Oude Testament

Nieuwe Testament

Exodus 36:2-12 NBG-vertaling 1951 (NBG51)

2. Toen ontbood Mozes Besaleël en Oholiab en iedere man die kunstvaardig was, in wiens hart de Here wijsheid had gelegd, ieder wiens hart hem drong om het werk te komen verrichten.

3. Zij namen van Mozes de gehele heffing over, die de Israëlieten gebracht hadden ten behoeve van het werk voor de dienst van het heiligdom, om dit te verrichten. Dezen nu brachten nog elke morgen een vrijwillige gave tot hem.

4. En al de vaklieden, die het gehele werk ten behoeve van het heiligdom maakten, kwamen ieder van het werk dat hij verrichtte,

5. en zeiden tot Mozes: Het volk brengt meer dan nodig is voor de uitvoering van het werk dat de Here geboden heeft te maken.

6. Toen gaf Mozes een bevel en men liet het overal in de legerplaats afroepen: Laat man noch vrouw verder enig werk maken ten behoeve van de heffing voor het heiligdom.

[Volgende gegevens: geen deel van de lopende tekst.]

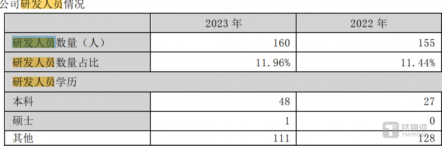 截至2023年底,公司擁有160名研發(fā)人員,其中碩士僅1人,本科48人,其他學歷111人。更為關鍵的是,公司核心技術人員非常少,而且受教育程度一般。據(jù)招股書顯示,公司4名核心技術人員中3名為本科學歷、1人為大專學歷。
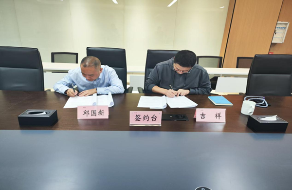 科技处处长邱国新和吉祥总经理代表校企双方签署了校企合作框架协议。
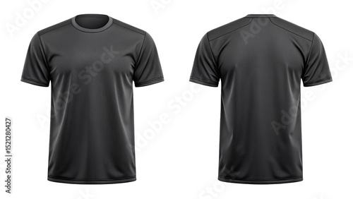 shirt, grey, clothing, isolated, apparel, fashion, activewear, short sleeve, black background, front view, backview, studio shot, t-shirt, front, back, view
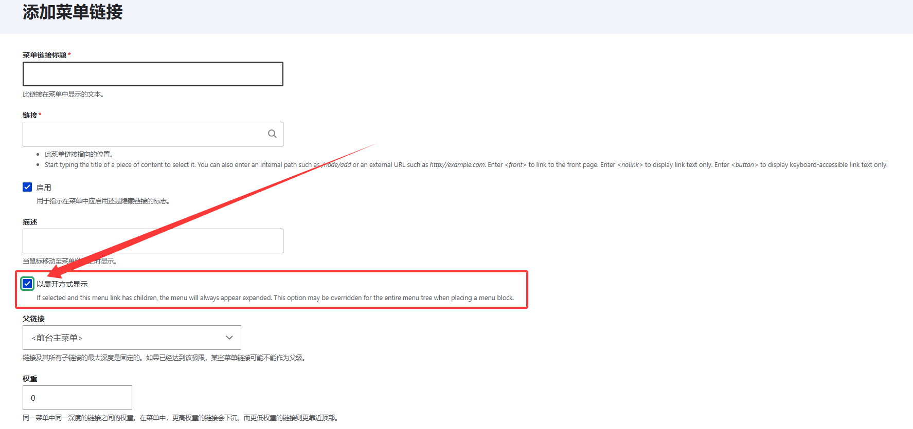 ③若是该菜单链接有子项(也就是二级菜单),需勾选“以展开方式显示”
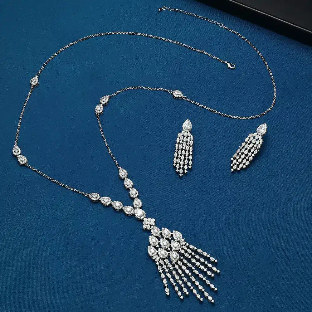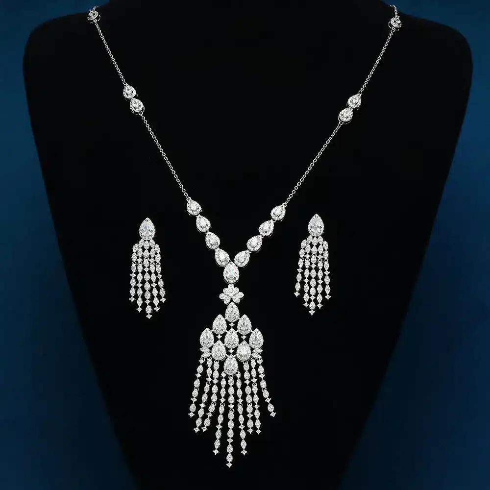 Key attributes Jewelry Main Material:brass Main Stone:ZIRCON Style:Classic Jewelry Type:Jewelry Sets Gender:Women’s Occasion:Anniversary, Engagement, Gift, Wedding, Party Plating:Rhodium Plated, Platinum
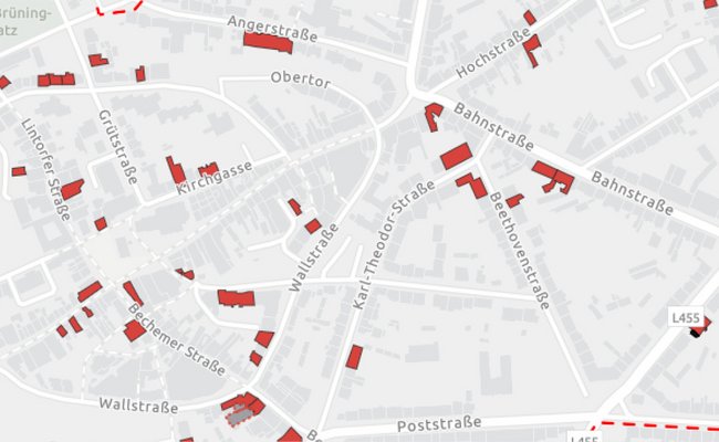 Zur Beantragung der Fördermittel ist es erforderlich, dass sich die Immobilie im Geltungsbereich befindet (siehe Abgrenzung unten), dass mit den geplanten Maßnahmen noch nicht begonnen wurde und dass alle geplanten Maßnahmen von Fachfirmen ausgeführt werden.
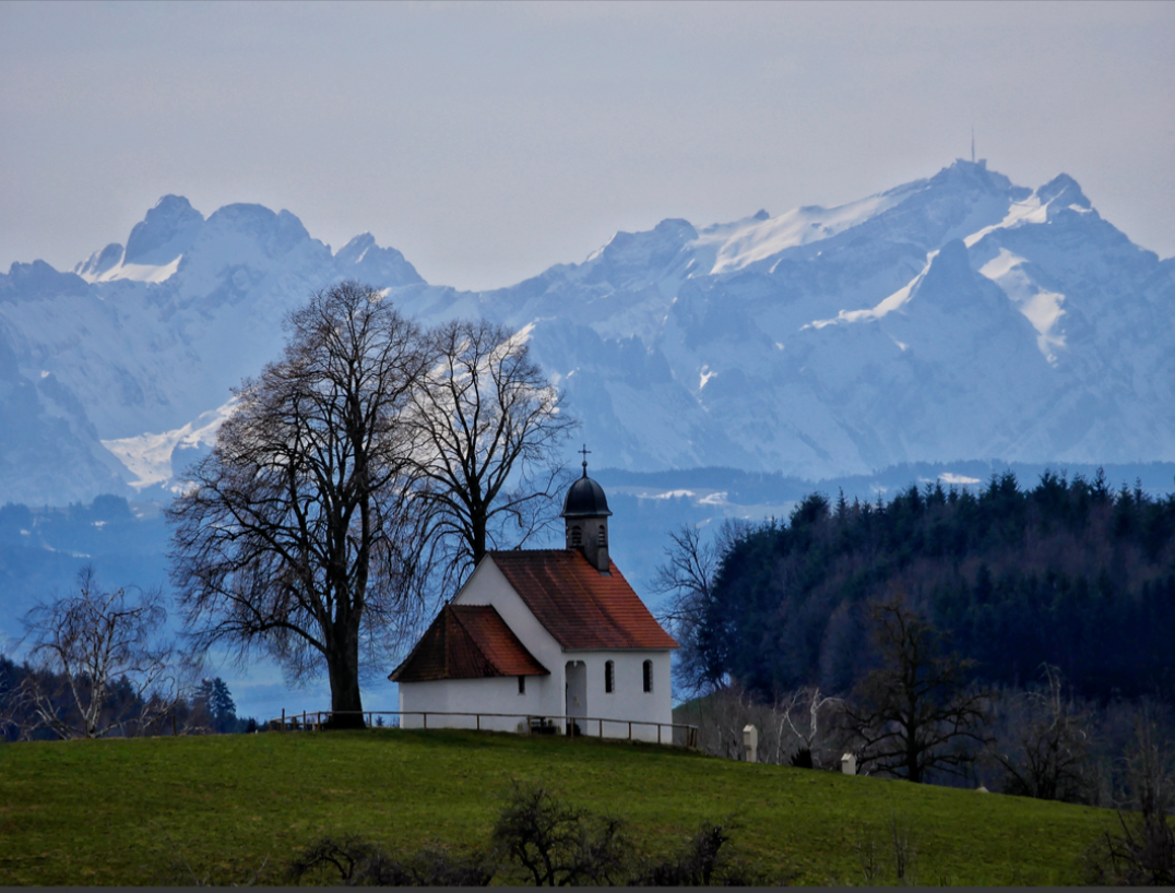 Die Kalvarienkapelle in Niederwangen im Allgäu steht auf einem Hügel und gilt als Wahrzeichen des Ortes.
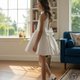 裙摆蓬松而富有建筑感——在自然腰线处收褶,剪裁至迷你长度,每一步行走、旋转和舞动都充满灵动飘逸之美。
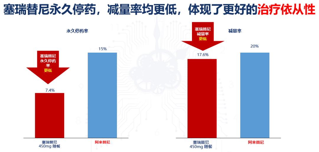 1. 塞瑞替尼减量停药率最低,治疗依从性大幅提高
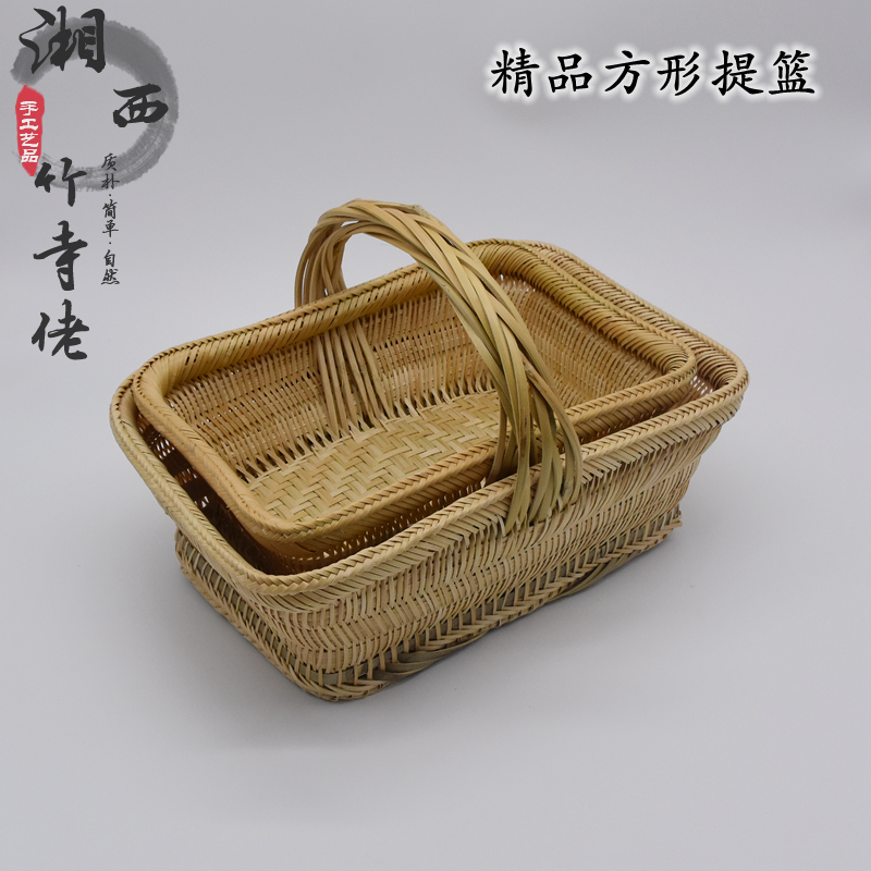 手工精致竹编方形手提篮子竹篮方筐竹篓茶叶采摘果篮表演道具新品
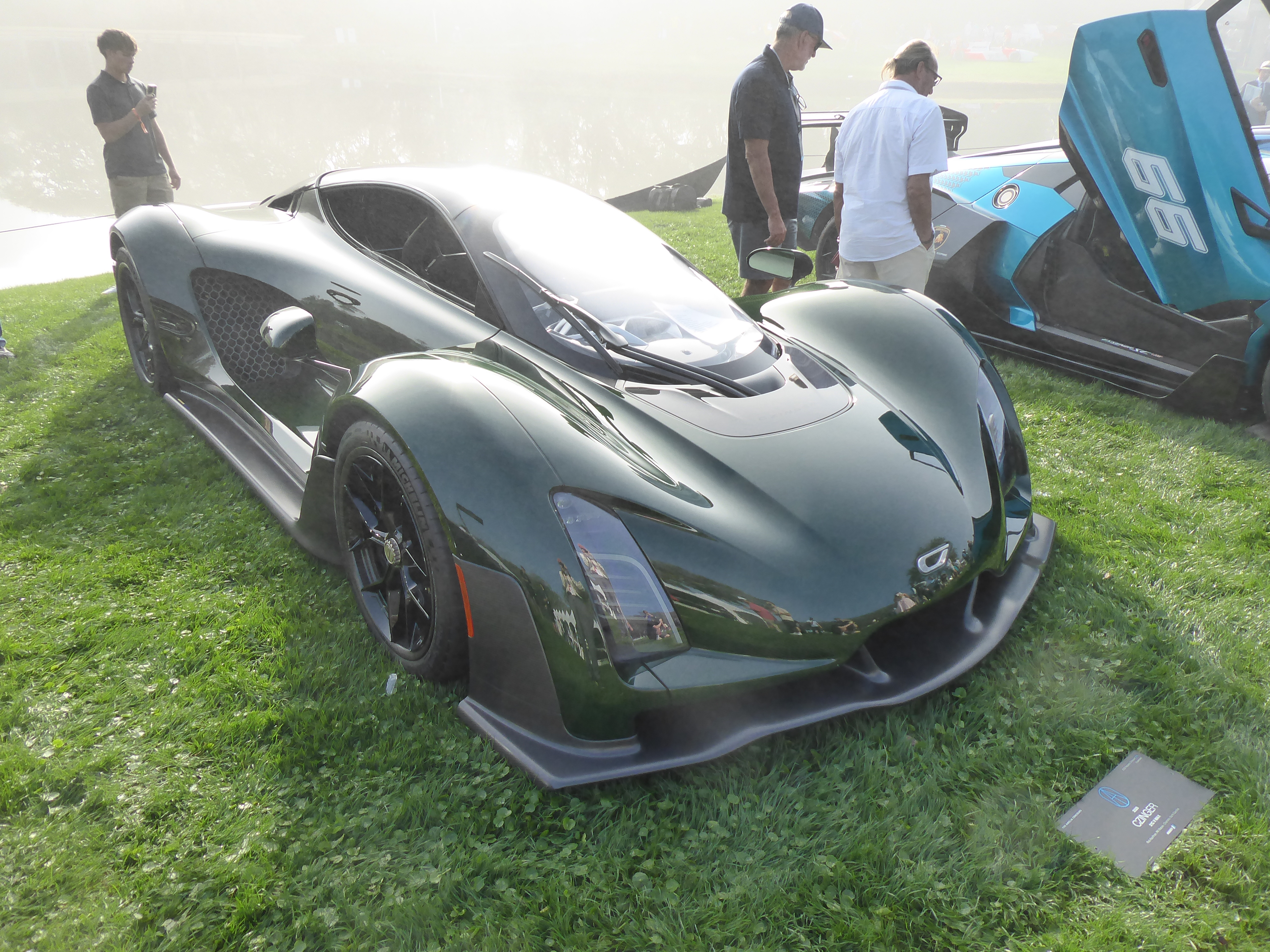 2025 Czinger 21C V MAX. Kevin Czinger started out making an electric car, the Coda, then graduated to revolutionizing manufacturing with 3D printing. And as an attention-getter, he also builds hypercars, such as this unusual tandem-seated, carbon-fiber-bodied space capsule with 1,250 horsepower from a hybrid drivetrain featuring a 2.88-liter twin-turbo V-8 and sequential-shifting seven-speed transmission. Just 80 are to be made, and sold for $2 million and up. Rev it to 11,000 rpm! The green carbon fiber was amazing to see.
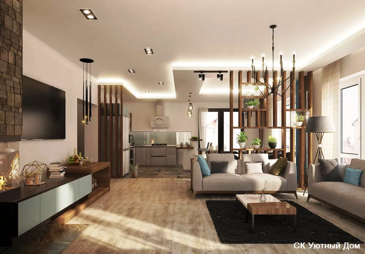 Одним из способов разделения пространства может стать использование разных полов или отделок на стенах. Например, зона спальни может быть выделена темным ламинатом или ковровым покрытием, в то время как гостиная будет иметь светлые отделочные материалы. Такой подход поможет визуально разделить пространство и сделает его более комфортным для использования. Можно использовать глянцевые натяжные потолки, они визуально расширяют пространство.
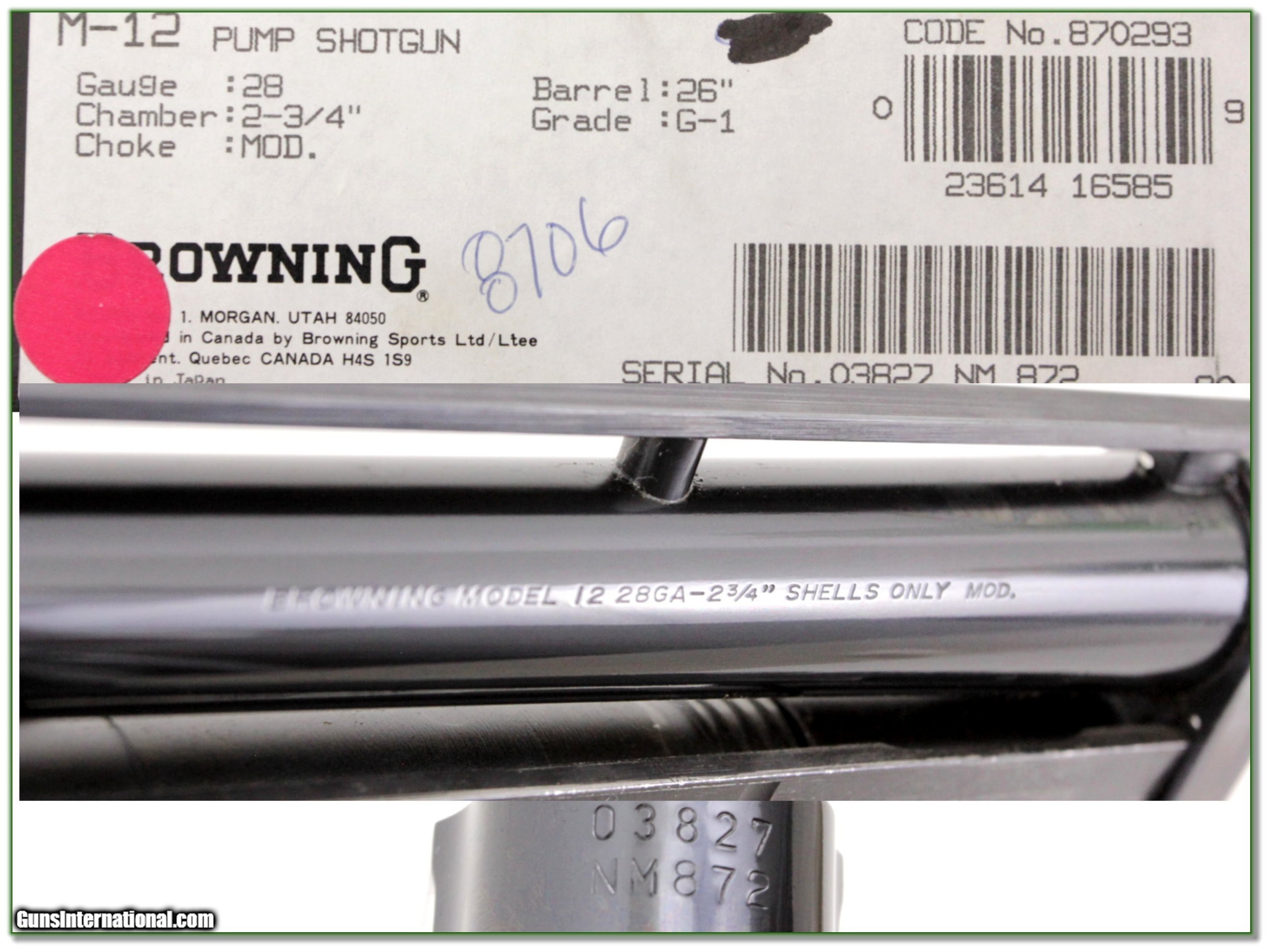 Description: This is beautiful Browning Model 12 28 Gauge with 26in barrel choked Modified. It has nicer wood than most of these Grade 1’s. If fired since leaving the factory I’m sure just test fired. I see no marks. It comes as seen in original box with papers. Shipping with insurance is $39. Please email me with any questions or larger pictures. (Consign your quality firearms with Shooting Investments for only 12%! Let me know if you have any you would like to sell!) 19-0251 Payment: Payment is by Money Order, Cashiers Check or Personal Check. I can now also accept Credit Cards (MasterCard, Visa, Discover & American Express) with a 3% convenience fee. PayPal can be used for some items but never for firearms. Shipping: The shipping charge will be listed in each description. It is $39 for most firearms. Some heavy guns or those insured for over $2000 will be higher. Shipments to Alaska and Hawaii are higher because air shipment is required. Most firearms are shipped on Tuesday and Thursday and usually in 5 days of receipt of payment. We package all shipments carefully and insure them. Optics are shipped Priority Mail and most other non-firearm shipments are shipped First Class. Returns: Our return policy is simple. If for any reason you are not pleased with your purchase, you may return your item for a full refund of purchase price. Ammunition cannot be returned. It is important to us that you are happy. Guns cannot be fired or dissembled before returning them and they must be returned in the same condition as received. Notification of a return must occur with-in 3 days of receipt at your dealer. Shipping, convenience and dealer fees are not refundable and are the responsibility of the buyer. Lay-a-way: If needed, we offer a 60 day lay-a-way option on most firearms. It is 1/3 now, 1/3 in 30 days and 1/3 in 60 days. Lay-a-way firearm sales are final and if not completed the first payment cannot be returned. Consigning your firearms with Shooting Investments: We will help you get top dollar for your firearms. While most local guns shops charge 20% or more, our fee is only 12% with a minimum of $75. At your local gun shop it might take months to sell. Selling on-line provides instant access to thousands of interested buyers. You won’t find any other on-line dealer willing to sell your firearms for only 12% or listing every gun on 3 separate s. Selling through an House typically costs the seller 15% and the buyer an addition 15% (so 30%) and you have to wait several months to sell and longer to receive funds. If properly priced, we will sell your firearms in a few weeks. Send us an email or give us a call and we’ll explain how easy it is for you to get top dollar. Trading: Trading for use is really just buying your gun to re-sell. If you have a gun you want to trade, please email a picture and we will let you know what we can give or it. You will always get more if we sell it for you on consignment. Help for California Buyers: We are happy to ship to California. It is the buyer’s responsibility to make sure any item you buy is legal in your state. We are also happy to help with your purchase of a firearm from someone other than us. If you see a gun you would like to buy but the seller can’t or won’t ship to California they can ship to use and we’ll then ship it to your California dealer. The cost for this service is only $30 + shipping. Let us know if we can help! SOLD |

Zo werd het volk weerhouden meer te brengen.

7. Want het materiaal was voldoende om al het werk te maken, ja, er was te veel.

8. Toen maakten alle kunstvaardigen onder de werklieden de tabernakel van tien tentkleden van getweernd fijn linnen en van blauwpurper, roodpurper en scharlaken; met kunstig geweven cherubs maakte men die.

9. De lengte van elk tentkleed was achtentwintig el, en de breedte van elk tentkleed vier el: eenzelfde maat voor al de tentkleden.

10. Men verbond vijf van de tentkleden aan elkander, en nog eens vijf tentkleden aan elkander.

11. Ook maakte men blauwpurperen lussen op de rand van het ene tentkleed, aan het einde, aan het ene stel; evenzo deed men op de rand van het laatste tentkleed aan het andere stel.

12. Vijftig lussen maakte men op het ene tentkleed en vijftig lussen aan het einde van het tentkleed, dat tot het andere stel behoorde, zodat de lussen tegenover elkaar stonden, de één tegenover de ander.